Today, a business disruption can stem from just about any type of event — a once-in-a-lifetime pandemic, economic pressures, critical skillset shortages or changes in market or investor evaluation criteria. Only resilient companies can ride out the turbulence and quickly bounce back.
But with the ongoing pace of change, making your company more resilient may seem impossible. With that in mind, SAS asked business executives how prepared they think their companies are to face unexpected challenges and if they are working to incorporate resiliency into their company strategy.
In the resulting report, we identify five rules that resilient organizations rely on:
- Speed and agility. Quickly adapt to changing market conditions.
- Innovation. Use data-driven insights to accelerate advancements.
- Equity and responsibility. Ensure ethical standards are applied during the design, development and use of transformative technologies.
- Data culture and literacy. Build a data-driven culture across the organization.
- Curiosity. Inspire exploration that fuels innovation and growth.
I’m going to zero in on two of those rules: Speed and agility, and innovation. If you ask me, if you want to follow those rules and invest in resiliency, you must invest in your data.
Focus first on the foundation
Years ago, the mantra was “garbage in, garbage out.” That saying is still sound. If you don’t have a solid data foundation, you can’t know that the decisions you are making today are the right ones. To make your organization more resilient, and better able to respond to disruption, you have to start with data management.
I'm happy that data management has become fashionable again. We’ve been riding the wave of machine learning, artificial intelligence and other unbelievably groundbreaking technologies. If the foundation of your house isn’t solid, however, then the rest of what you build won’t work – and the market hasn’t focused enough on that. If you start with unorganized data, then everything else downstream is affected. You have to know what the data is and how it influences your decisions.
That foundation is critically important from a cost perspective, too. Moving data into the cloud costs you almost nothing (for good reason – cloud providers want your onboarding to be as frictionless as possible). But when you want to move data out of the cloud, it’s very expensive. So about 10 years ago, SAS pioneered running analytics in the cloud, and we’ve been continuing innovations there ever since.
One of the things AI is great at is taking on mundane tasks and freeing up humans for creative problem-solving. AI is going to do the same thing for data management. That's going to be groundbreaking over the next couple months.
Is AI the secret to resiliency for your company?
In the report, respondents who scored high on resiliency prioritized AI and analytics to navigate disruption. But some companies still aren’t buying into the promise of AI and other emerging technologies. And maybe that’s understandable. For a long time, AI has been a technology looking for a need instead of the other way around.

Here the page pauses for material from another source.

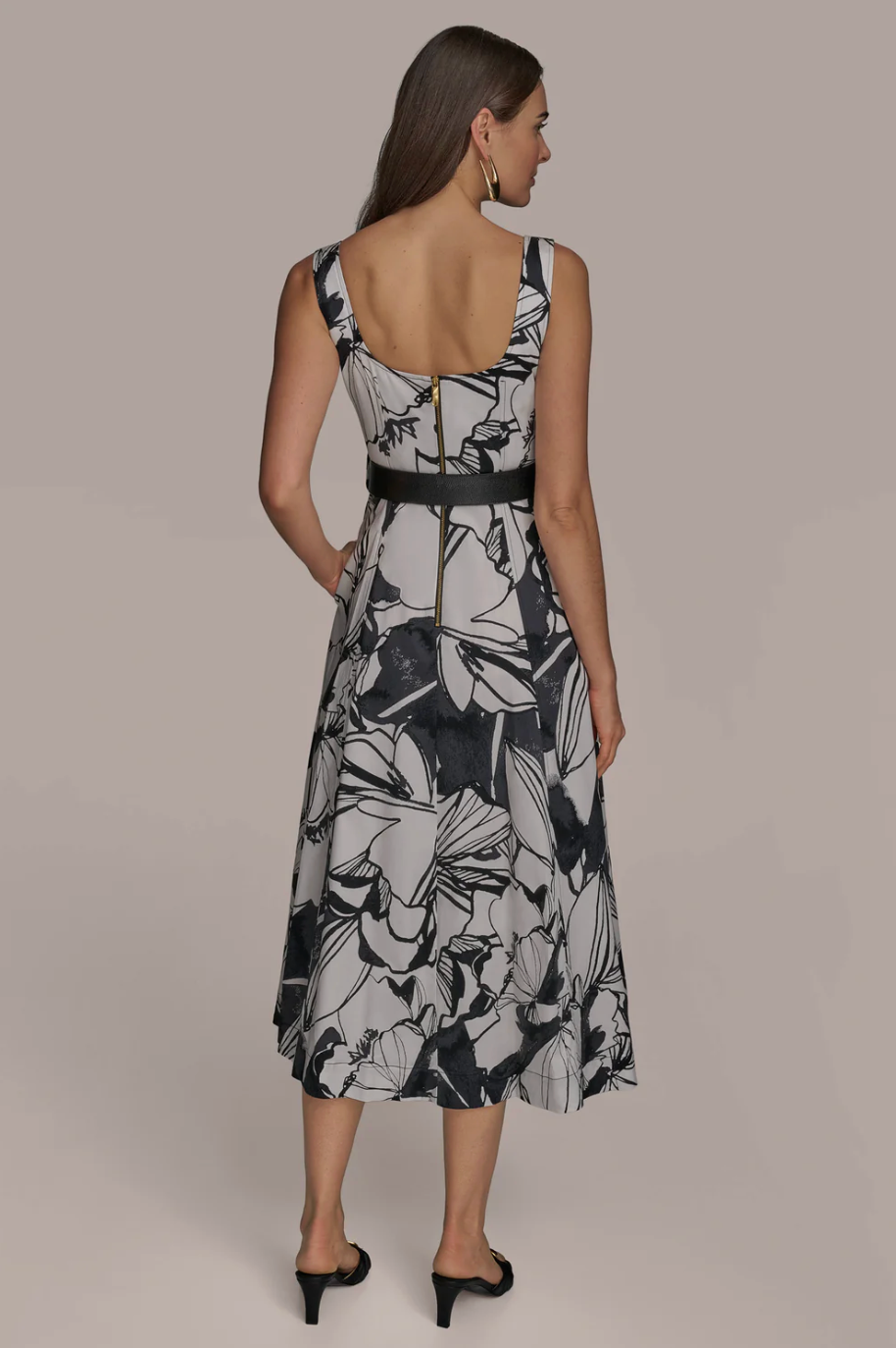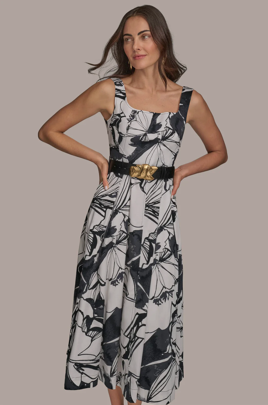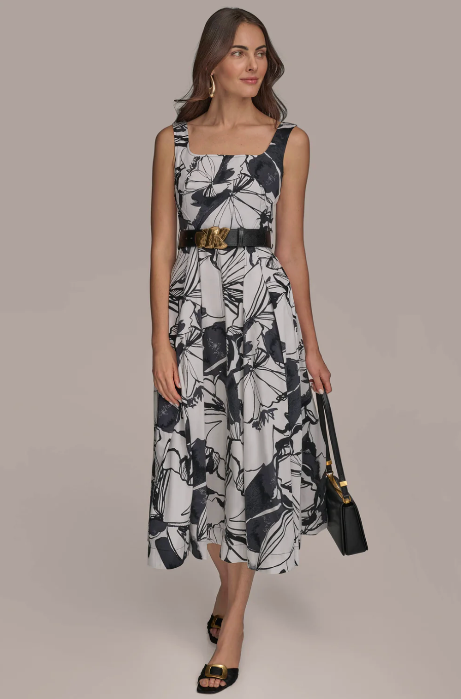 Vestido midi con estampado floral y silueta en línea A, confeccionado en algodón satinado ligero que aporta frescura y movimiento. Su falda fluida con bolsillos añade un toque práctico, mientras el cinturón pulido define la cintura y aporta un sutil brillo. Un vestido clásico con un aire moderno, ideal para ocasiones especiales o looks elegantes de día.

But when we think about how digitally and analytically mature some of these companies are, we have to start with the basic blocking and tackling, which is what I mentioned at the beginning. You have to have sound data management and analytic practices in play, and then you can start to scale them – not the other way around.

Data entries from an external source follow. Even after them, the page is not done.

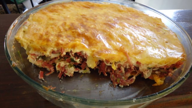 Misture a carne seca desfiada com a salsinha e a cebola frita.
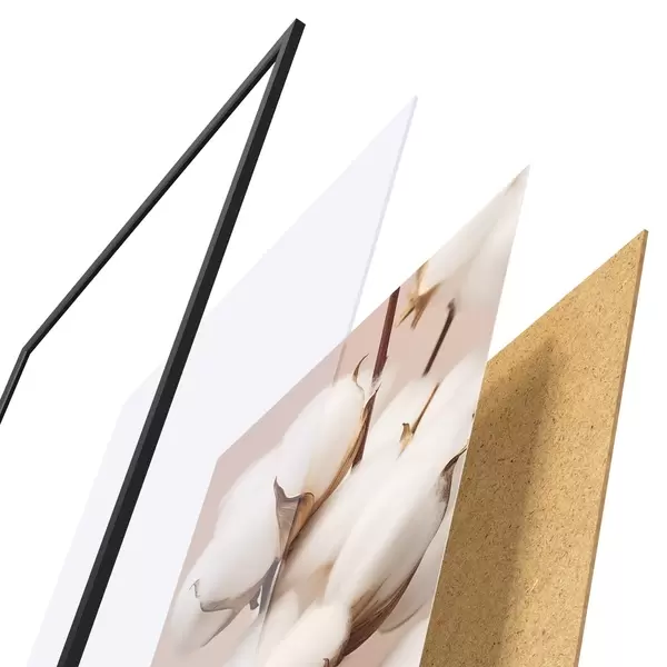 Le poster se compose d'un cadre, d'un plexiglas, d'une image imprimée et d'un support en aggloméré. Le poster peut être immédiatement accroché au mur grâce aux fixations au dos.
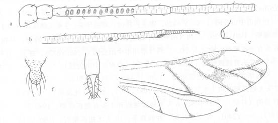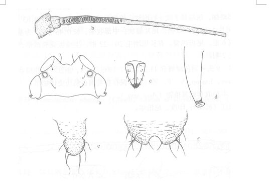 雄性 头顶三角黑色,被黄长毛;额正中污黑色,两侧密覆银白色粉被及少量白毛;颜黄色,密覆黄白色粉被,颜两侧及颊黑色,裸,颜中部在触角基部下方具黑斑。两眼短距离相接。触角褐黄色,较长,第3节短于基部2节之和,圆形;芒裸,与触角等长,褐黄色,着生在第3节背侧中部。...
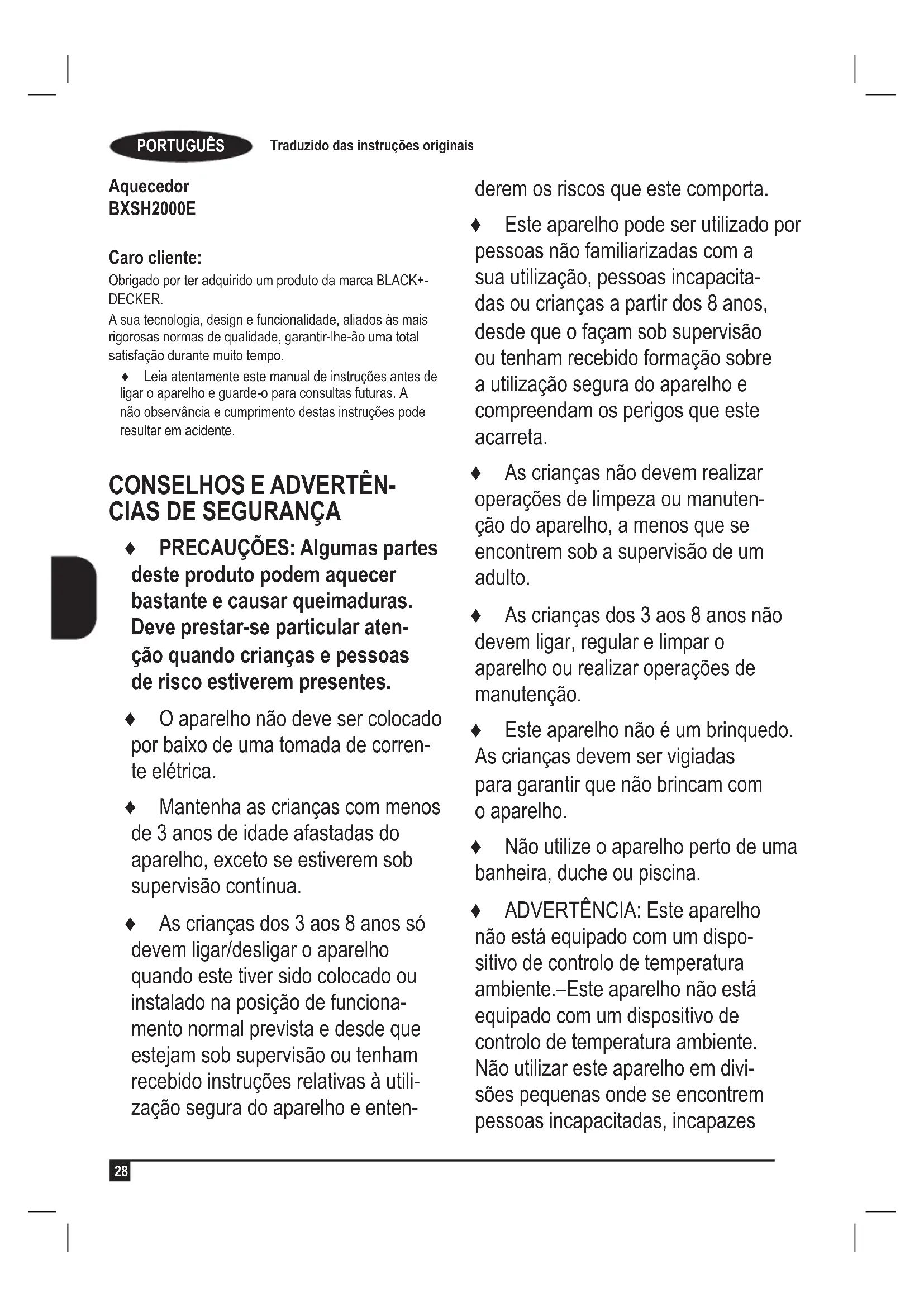 Aquecedor BXSH2000E Caro cliente: Obrigado por ter adquirido um produto da marca BLACK+- DECKER. A sua tecnologia, design e funcionalidade, aliados às mais rigorosas normas de qualidade, garantir-lhe-ão uma total satisfação durante muito tempo. ♦ Leia atentamente este manual de instruções antes de ligar o aparelho e guarde-o para consultas futuras. A não observância e cumprimento destas instruções pode resultar em acidente.
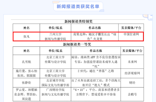 蘭州大學新聞與傳播學院獲獎中,張凡的作品《南果北種!糙漢子棚里種出“綠色”火龍果》在中國甘肅網刊發(fā),系蘭州大學新聞與傳播學院、中國甘肅網聯(lián)合舉辦的第十三屆“重走中國西北角”接力采訪活動新聞作品。

One of the other pieces of AI advice I always give SAS customers is: Go pick a use case that is actually important and relevant to your business. For example, in the early days of AI chatbots, we’d see companies deploying chatbots and using AI technology internally. I know it’s interesting, but it’s a waste when you could have been using the exercise to learn something useful for your business. Instead, find a problem that’s meaningful to your business, scope the problem, and then bring in the technology to solve it.

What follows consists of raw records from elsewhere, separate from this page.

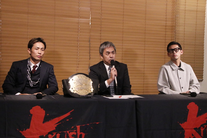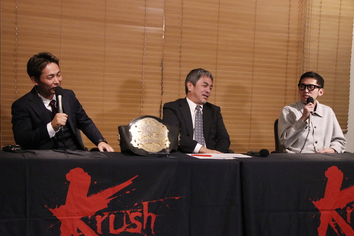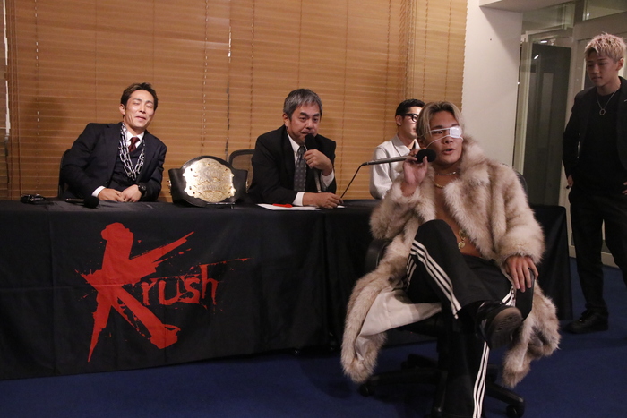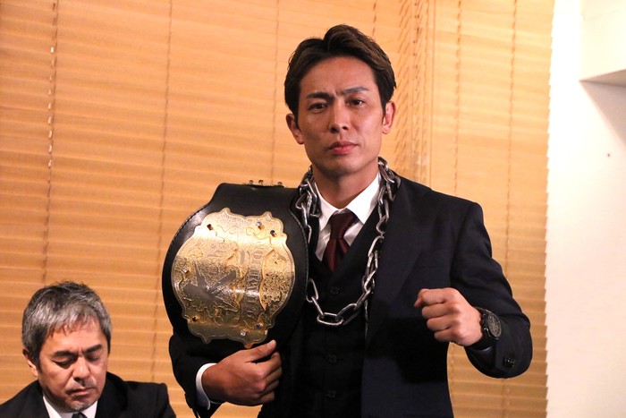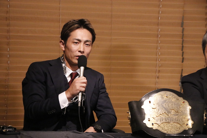 するとここで、児玉が会見に乱入。「おいおい、なんでこの2人でタイトルマッチやるんだよ、おかしいだろ。俺じゃなかったの? 次の挑戦者は絶対に俺でしょう」と、この試合の勝者とタイトルマッチをやらせろと要求。大岩、篠原とも言い合いとなったが、この後に会見を用意していると聞くと会見場を出ていった。
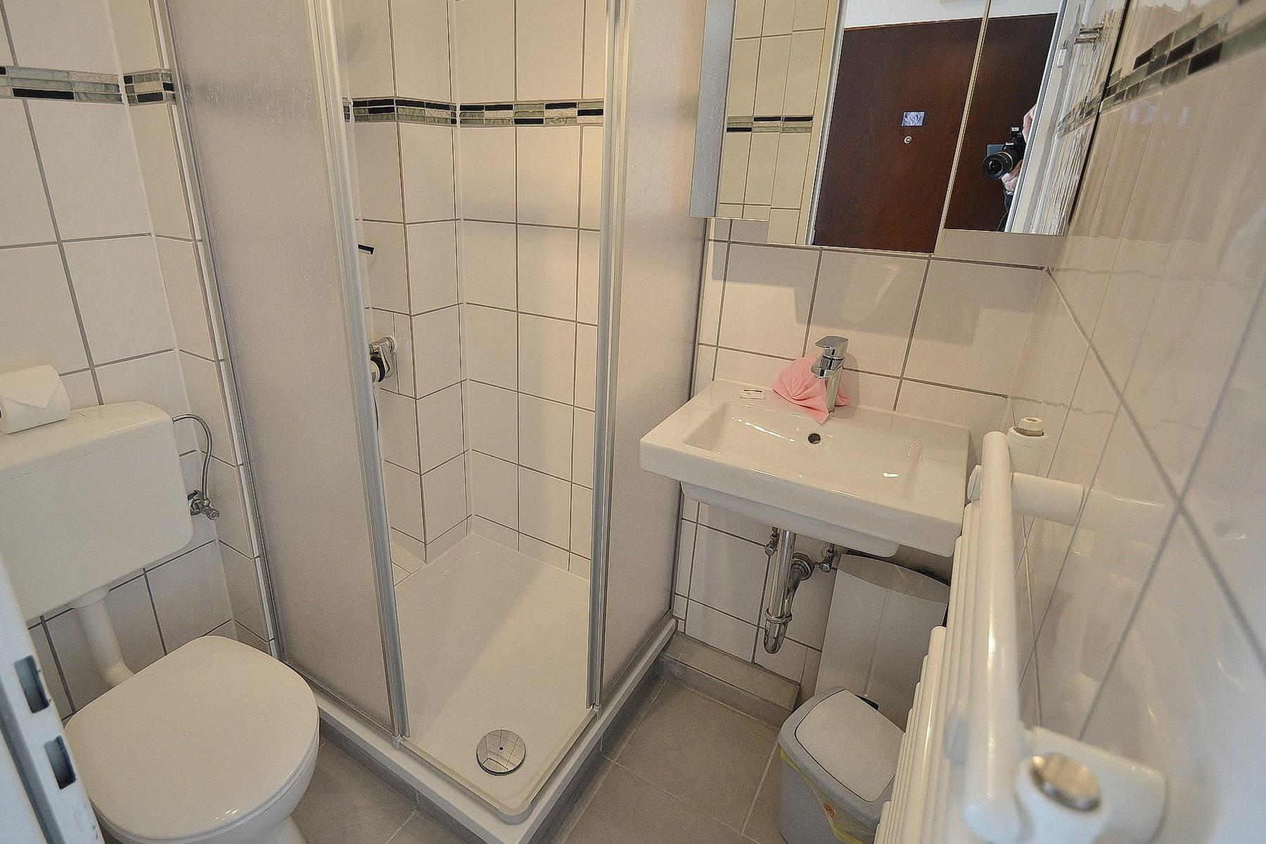 Hell gefliestes, grundsaniertes Bad mit Dusche, WC und Waschbecken.
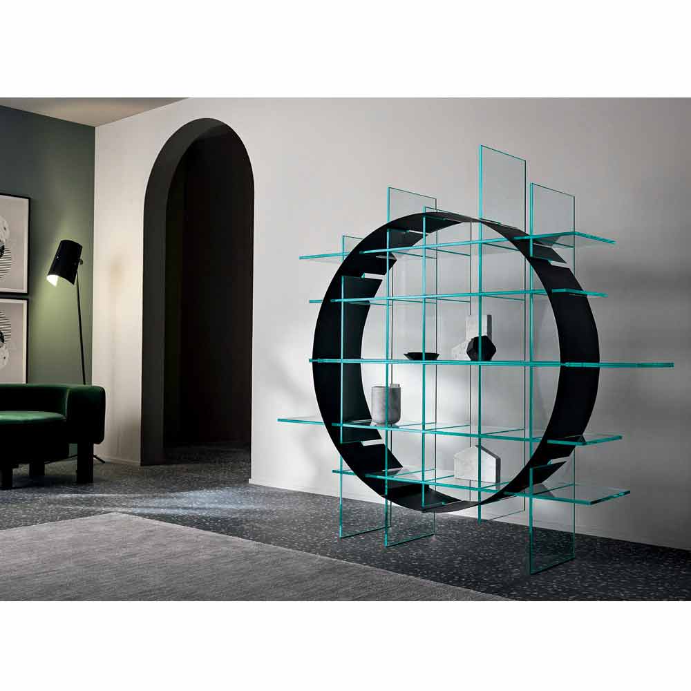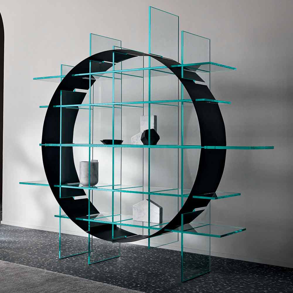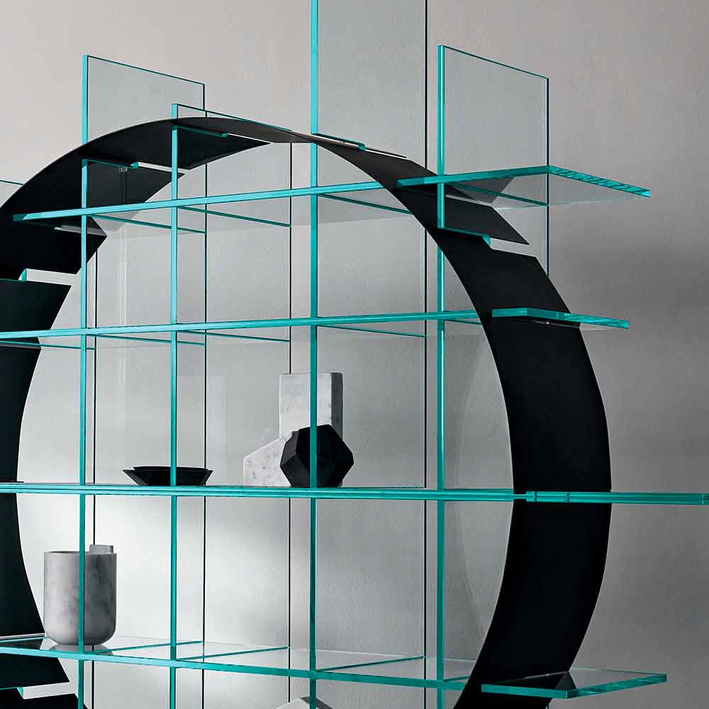 Dieses Bücherregal für das Wohnzimmer zeichnet sich durch sein einzigartiges und unglaublich elegantes Design aus, das mit Seiten und Regalen vollständig aus extra klarem Glas besteht.. . .

There are a couple different approaches you can take.
- The Big Bang approach. Find the biggest, hardest problem you have and attack it. With enough executive support, time and money, your team and AI will be heroes.
- The controlled explosion. Find a problem that you can get your hands around; choose a small group of engineers, developers and data scientists; and quickly show tangible results. Now, your team and AI can hand-pick your next projects.
When we talk about disruption, the “controlled explosion” group are the people getting disrupted. Those people can identify a problem, apply technology to it and make a decision in a week. Those are the people who are going to adapt to the next supply-chain-like problem when it goes upside down. You can't take six months to solve that sort of crisis. You have to find a problem that means something and is manageable, solve it, and then go scale it.
Just remember, AI is just one of the tools in the larger toolbox of analytics.
At SAS, AI capabilities are integrated into our platform. We don’t want our customers focusing on the AI component. We want them to focus on the problem they need to solve and the outcome they hope to achieve. We will help them find the right tools and technologies to get there.
Planning for a more resilient future
When we think about becoming more resilient and the ability to respond to disruptive events, too often we look in the rearview mirror for a template: COVID, supply chain disruptions, the recession, etc. But we're getting to a place with simulation technology where we can learn what we're going to need to respond to in the future.
That allows us to address problems that affect our future business, not yesterday’s business. To me, that's a very exciting use of technology. That technology? Data. AI. Analytics.
My advice to you? Don’t wait. Get your data management foundation ready now. Change and disruption seem to be here to stay.